| ABOUT THIS TASK |
Each entry below should be returned exactly as is, with the pictures removed.

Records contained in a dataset
□ □ □ □

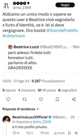 A quel punto altri fan hanno messo in dubbio che il profilo in questione non fosse realmente di Beatrice, ma di qualche account fake. L’attrice romana è intervenuta con il suo profilo twitter ufficiale confermando che quelle risposte provenissero proprio da lei con il suo account privato:
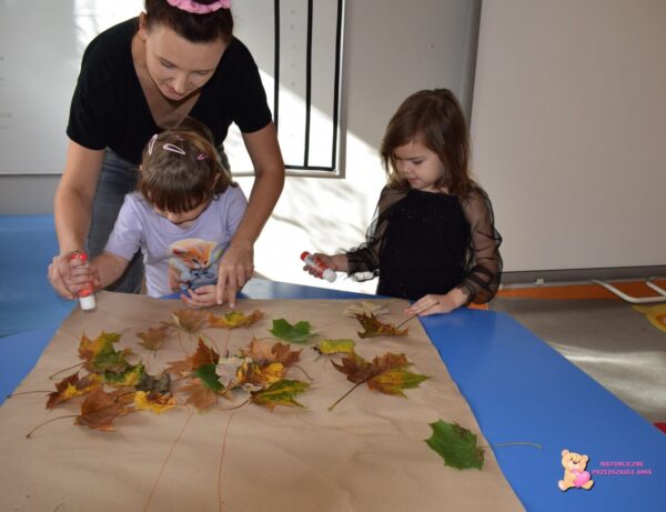W tym tygodniu przedszkolaki z grupy Promyczków wybrały się na spacer w poszukiwaniu jesieni. Podczas spaceru Amisiaki zbierały kolorowe liście i kasztany, które wykorzystały podczas zajęć. Ćwicząc motorykę małą dzieci wieszały liście na sznurku za pomocą klamerek, następnie powstało jesienne drzewo poprzez przyklejanie liści do korony drzew, a także kolorowy parasol wyklejony plasteliną.
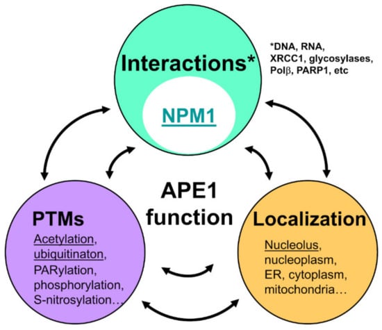 In addition to the direct contribution of the N-terminal tail to APE1 repair activities described above, this domain is important to finely tune APE1 function by additional mechanisms. Similar to most proteins, APE1 functionality is modulated by subcellular localization, post-translational modifications (PTMs), and interaction with other proteins (Figure 4). In this regard, the conformational flexibility of the N-terminal tail is ideally suited for harbouring cell localization signals, being the subject of PTMs and establishing interactions with other proteins. A crosstalk between these three factors further regulates APE1, which is described in detail below. For example, acetylation of residues in the N-terminal tail affects the subcellular localization of the protein, and also binding to NPM1. This interaction, in turn, determines APE1 enrichment in the nucleolus.
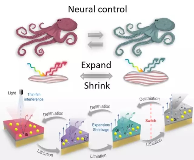 通過模擬章魚皮膚變色機理設計電化學精確調控變色硅膜
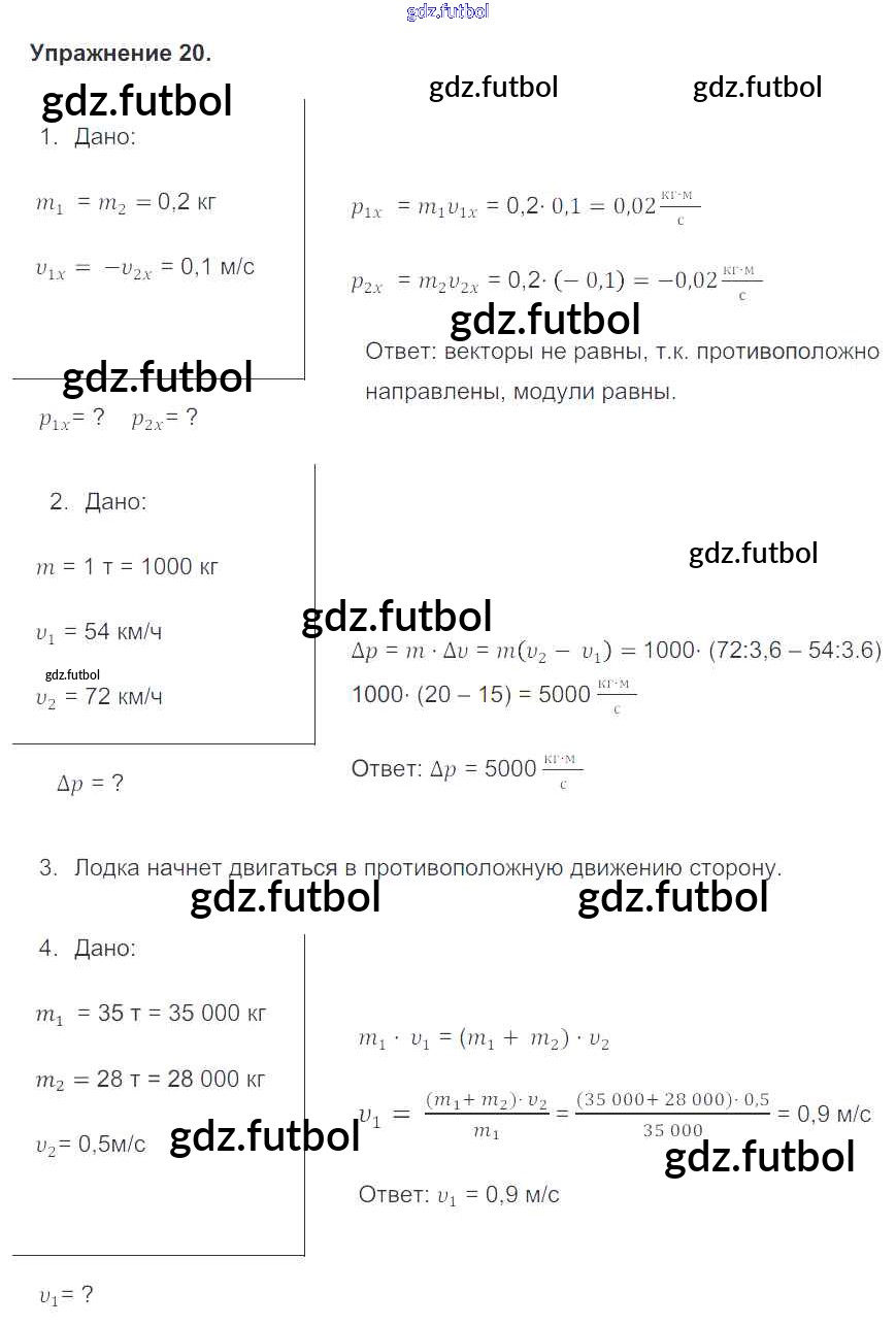 Готовые домашние задания по Физике за 9 класс Перышкин Учебник 2014 ФГОС - Упражнения 20

□ □ □ □

| RESPONSE FOR THIS EXERCISE |
 A quel punto altri fan hanno messo in dubbio che il profilo in questione non fosse realmente di Beatrice, ma di qualche account fake. L’attrice romana è intervenuta con il suo profilo twitter ufficiale confermando che quelle risposte provenissero proprio da lei con il suo account privato:
W tym tygodniu przedszkolaki z grupy Promyczków wybrały się na spacer w poszukiwaniu jesieni. Podczas spaceru Amisiaki zbierały kolorowe liście i kasztany, które wykorzystały podczas zajęć. Ćwicząc motorykę małą dzieci wieszały liście na sznurku za pomocą klamerek, następnie powstało jesienne drzewo poprzez przyklejanie liści do korony drzew, a także kolorowy parasol wyklejony plasteliną.
 In addition to the direct contribution of the N-terminal tail to APE1 repair activities described above, this domain is important to finely tune APE1 function by additional mechanisms. Similar to most proteins, APE1 functionality is modulated by subcellular localization, post-translational modifications (PTMs), and interaction with other proteins (Figure 4). In this regard, the conformational flexibility of the N-terminal tail is ideally suited for harbouring cell localization signals, being the subject of PTMs and establishing interactions with other proteins. A crosstalk between these three factors further regulates APE1, which is described in detail below. For example, acetylation of residues in the N-terminal tail affects the subcellular localization of the protein, and also binding to NPM1. This interaction, in turn, determines APE1 enrichment in the nucleolus.
 通過模擬章魚皮膚變色機理設計電化學精確調控變色硅膜
 Готовые домашние задания по Физике за 9 класс Перышкин Учебник 2014 ФГОС - Упражнения 20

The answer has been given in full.